I wasn't going to write any more about Istanbul. I was only there, in total, for five days, and have already posted on the dervishes and the carpet sellers. Besides, most readers will have been there, so what insights can I glean in five days that you don't already have?
But Istanbul is such a great place! & as I go through sorting out the photos they were calling me to write one last post on the place. Just a quick one.
Five days was plenty of time to visit the obvious tourist sights - the Blue Mosque, the Aya Sophia, the Topkapi Palace, the Yerebatan cistern, the Museum of Turkish and Islamic Arts and the Spice Market. The most stunning of these is certainly the Aya Sophia, built in AD537 as a cathedral, converted to a mosque in 1453, and then to a museum in 1935, it is said to have changed the history of architecture. For nearly a thousand years it was the world's largest cathedral, and certainly the size of the building is still impressive.

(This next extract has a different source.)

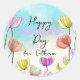 Sticker Rond Aquarelle et encre Tulipes artistiques Fête des mè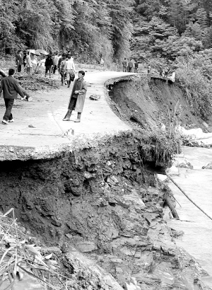 | 5月8日拍摄的湖南省娄底市新化县奉家镇被冲毁的公路。 新华社发(郭国权 摄) |

But a few hours wandering around it, prying into all the little corners and looking up at what remains of the painted ceilings, is tremendously rewarding. It has been restored, and added to, many times over the centuries and is stuffed full of marble pillars, intricate ironwork, golden mosaics, calligraphy, and even some blue tiled decorations hidden under an archway.
The Bosphorus cruise was a little disappointing, though might have scored more highly in better weather - but was probably just about worth it for the delicious stuffed mussels and fresh sardines at the lunchtime stop. Continuing on the food line, the Spice Market was great for filling those little corners of my case with delicacies I can't get at home - apple and cinnamon tea, local sheep's cheese, and a half-kilo of delicious dried cranberries.
The other highlight was a trip to the exquisite little Chora Church, now the Kariye Museum. It is full of golden mosaics dating from the early 1400s, as well as some reasonably well-preserved frescoes, and is well worth the effort of finding it. In any case the locals are helpful - when my intended route was blocked by redevelopment a local man insisted on giving me a lift there, which was typical of the kind way I was treated by everyone I met there. Unfortunately no more trips to Asia are in the pipeline but I certainly would not complain about another day in transit in Istanbul!